I mean, yeah. So it’s a very challenging task. It took us a while to refine the process. We had a lot of going back and forth and getting some version of the task, putting it out there, seeing that it’s not really getting what we want and kind of like reiterating. We do it with other mechanical Turk tasks in the groups now. We qualify workers so we have them go through a small test and if they pass the test we let them do the task. And the specific that, because it’s so complicated. We also had this kind of like training regime. So when you start doing the tasks you are, you’re a rookie, you’re a beginner and you are in the, you can only do a small set of hits. Now every time after every cycle we are going to score you according to how many of your sentences actually following our set of guidelines and are providing the interesting linguistic distribution that we were aiming to get.

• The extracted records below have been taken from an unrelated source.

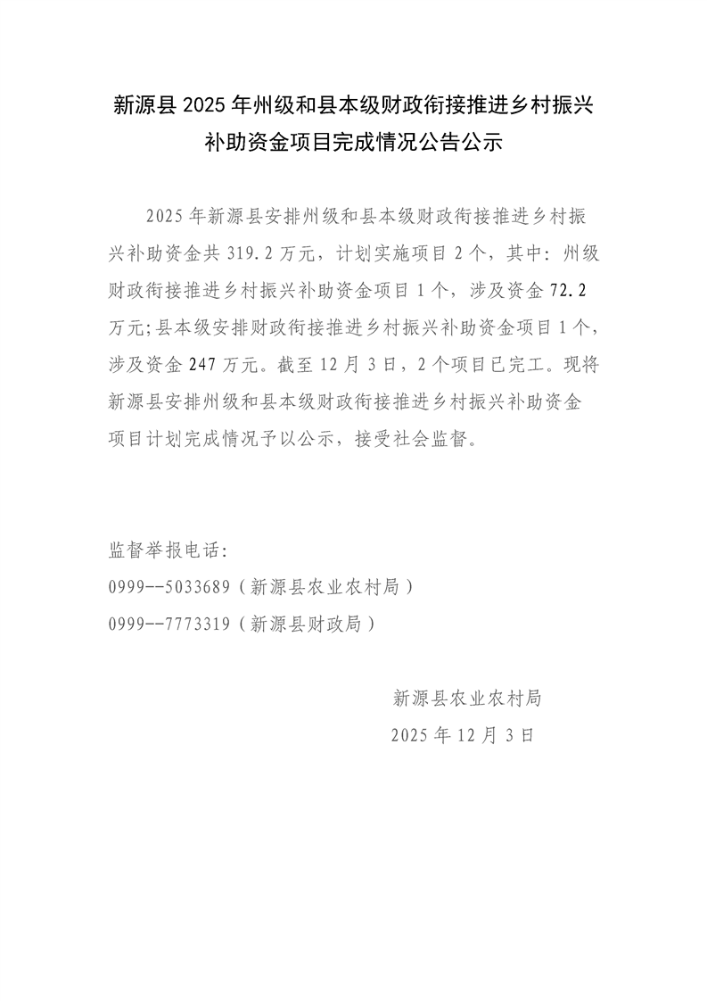 新源縣2025年州級和縣本級財政銜接推進鄉村振興補助資金項目完成情況公告公示
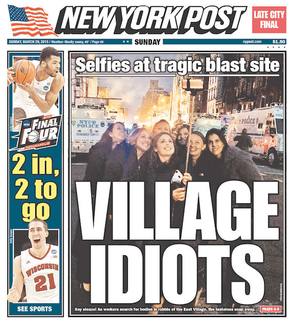 In your daily reminder to think before snapping a selfie, a group using a selfie stick before the site of the East Village gas explosion Friday wound up on the cover of the New York Post.
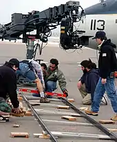 Initially, the producers of JAG did not receive any co-operation from the U.S. Department of Defense entertainment media liaison offices, due to sensitivity in light of all the accumulative negative publicity that had been generated from the Tailhook scandal and its aftermath.[27] However, the lack of co-operation from the military was not a show-stopper, as the JAG production team, by virtue of being a Paramount Pictures production, had access to the abundant stock footage from the studio's motion pictures, which included many films with military content, such as Top Gun, The Final Countdown, and The Hunt for Red October (and the two other Tom Clancy movie adaptations).[28]
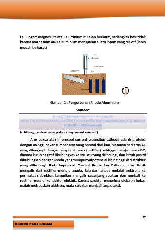 dihubungkan dengan anoda yang mempunyai potensial lebih tinggi dari struktur

And if you’re, if you are starting to be good enough, if enough of your sentences are interesting we are going to give you a bonus and then move you to a, you know, to kind of like an expert level so you get exposed to more. So people have, so we created this very strong stimulus system that basically when you get in you want to improve, you want to become better, it’s kind of like writing these elaborate things. You can think about them as reasoning challenges and then if you do that well you get paid more and you get to do more. So you become, you know, happier. I mean I guess that’s our economy works.

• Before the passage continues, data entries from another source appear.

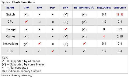 - 運(yùn)營商刀片:具有四個(gè)mezzanine插槽但沒有全交換或網(wǎng)絡(luò)特點(diǎn)的node board。其中有些亦支持處理、存儲(chǔ)和I/O功能。
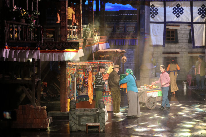 2022年3月23日,话剧《八廓街北院》正在自治区藏戏演艺核心上演。该剧由自治区话剧团创做表演,以拉萨八廓街为布景,展示了一座多平易近族聚居院落的邻里密意。记者 摄。
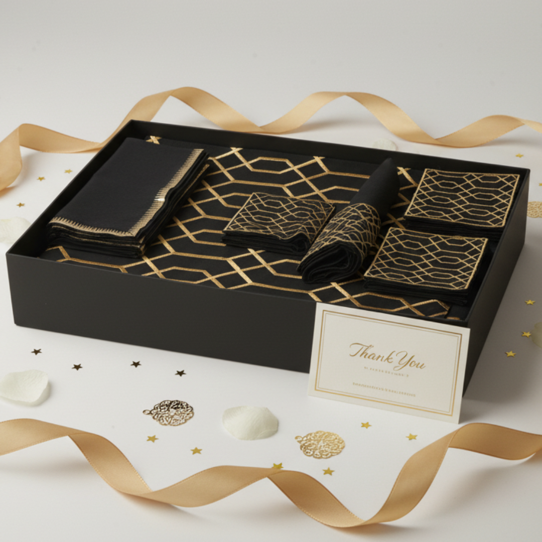 Wrapped in our signature black box with a satin ribbon and branded tag, this set is ideal for wedding gifts, Diwali gestures, or housewarmings where nothing less than grandeur will do.

Yeah. We did a similar process in a recent data collection projects that we had for paragraph understanding stuff asking interesting and challenging questions. I’m glad to hear that the process works for you too. I think this is really key to getting really interesting and good data.

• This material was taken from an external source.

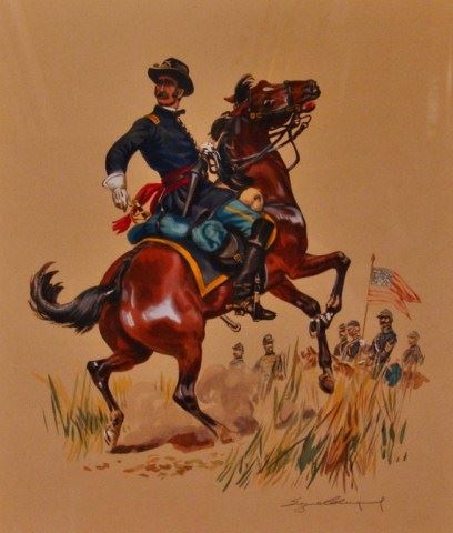Cavalry man on horseback, 16" x 14", signed lower right, -562936-D

So I think we’ve talked so far about two different visual reasoning tasks that you have worked on there are a bunch of others also. What others would you think are still interesting to work on? Like I know there’s CLEVR, and there’s this new GQA dataset from Stanford. Do you want to talk about any of these or any others that you’re familiar with?
Yeah, I mean, so I think the first one that came out is still VQA I think VQA still has interesting challenges in it and you can even reform the task in different ways to do, for example, some kinds of a more zero shot type of learning. So this data set still has a lot of interesting stuff to do with that it may be the field of therefore the main task is potentially very crowded and that’s makes working on it’s harder. But you know when VQA kind of like the way, because of some of the biases and a relatively simple listening there, people try to do more complex reasoning and because of it’s very challenging to collect these kinds of data sets, they need a process to do a synthetic data when once you write, say if you write, once you write the grammar and especially if you can generate images, then you can create arbitrarily complex sentences.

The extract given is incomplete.